In these first two cases it is pretty obvious how we can enumerate permutations in an order such that each subsequent permutation differs from the previous by swapping two adjacent elements. You just “run around the graph”. But for the four-element permutations, it is not so obvious from the graph:[2. An interesting property of this graph is that if you place the vertices at their coordinates in a four-dimensional space — that is, one point at (0, 1, 2, 3), one point at (0, 1, 3, 2), and so on, and keep the edges attached as shown here, then the resulting four-dimensional object actually “fits” into three dimensions. Not only does it fit into three dimensions, but if you made an infinite number of those three-dimensional shapes and “filled them in” as solids, you could fit them together to perfectly “tile” three-dimensional space, the same way you can “tile” three-d space with infinitely many cubes. In fact this is true of any permutation graph; the n-dimensional shape you make actually fits into n-1 dimensions and tiles the n-1 dimensional space. You can see this in the lower dimension quite easily; clearly the three-element permutation graph forms a flat hexagon in three-space, and a flat hexagon tiles two-space.]

Permutohedron3

What we want to find here is one of the Hamiltonian tours of the graph; that is, the path that makes a complete circuit of the graph visiting every node exactly once.

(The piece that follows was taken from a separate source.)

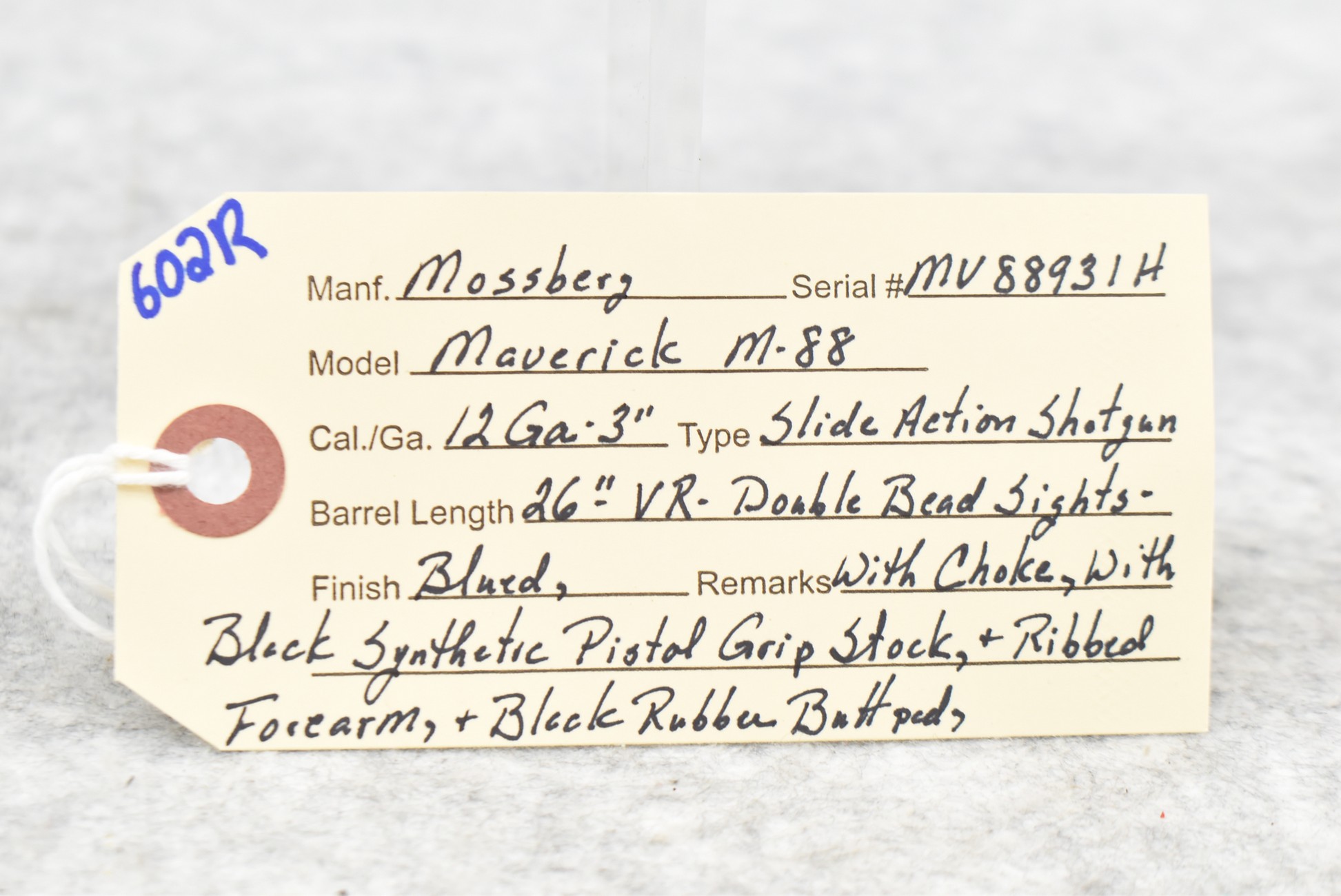 602R. Mossberg – Mod. Maverick M-88 – 12ga. 3” Pump Action Shotgun – w/26” Vent-Rib Barrel w/Double Bead Sight – Blued Finish – w/Black Synthetic Pistol Grip Stock w/Butt Pad & Ribbed Forearm
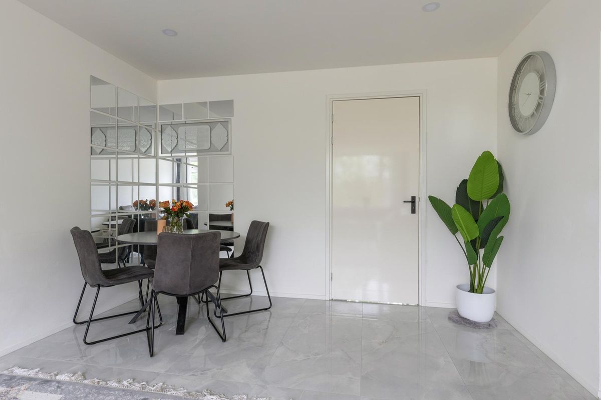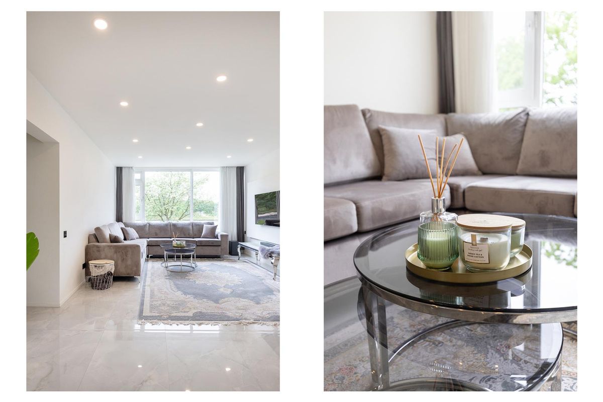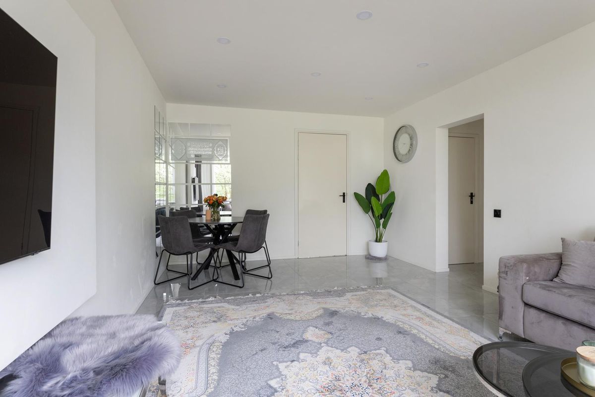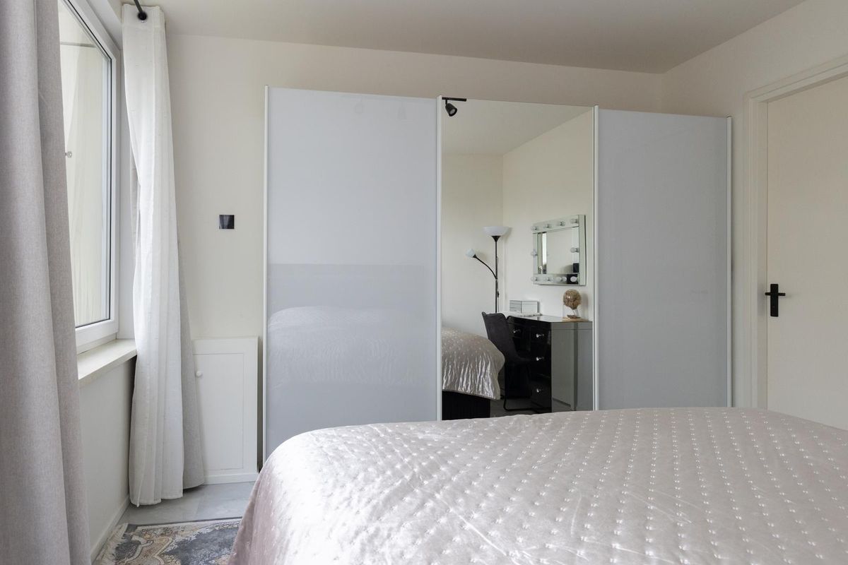 De woonkamer is ruim en licht. Grote ramen zorgen voor een fijne sfeer en je hebt hier genoeg plek voor een comfortabele zithoek én een gezellige eethoek. Vanuit de woonkamer loop je door naar de slaapkamer aan de achterzijde. De badkamer is een echte eyecatcher met moderne verlichting, een stijlvol wastafelmeubel en een ruime inloopdouche met regendouche.

Our proposed algorithm finds this Hamiltonian tour:

Permutohedron4

Next time on FAIC: we’ll actually write the code that generates a Hamiltonian tour of the permutation graph for any size of permutation.

10 thoughts on “Producing permutations, part two

  1. Thanks for the great post. I love reading your theoretical posts as much as your posts on language design, and am hopeful for a post on category theory.

  2. Nice post – thx! Is it true that these graphs are always “planar” (the geometry was hard to miss). such properties are interesting too, don’t you agree?

    • By “planar” you mean that the graph can be squashed onto a plane and there is a configuration such that no two edges cross, it is certainly the case that the first three are planar. I see no reason why the fourth, fifth, etc, cases, have to be planar.

      However there is another way in which the graphs are “planar” that I alluded to in my post. In the 3-element case the hexagon whose coordinates are (0,1,2), (0, 2, 1), etc, in 3-space inhabits a flat plane. The truncated octohedron whose coordinates are (0,1,2,3), (0,1,3,2), and so on in 4 space inhabits a “flat plane” of 4-space; that it, you can take a “flat slice” of the 4-d space and make a 3-d space that the permutohedron lives in. In this sense the graphs always “define a plane” of the higher-dimensional space they live in.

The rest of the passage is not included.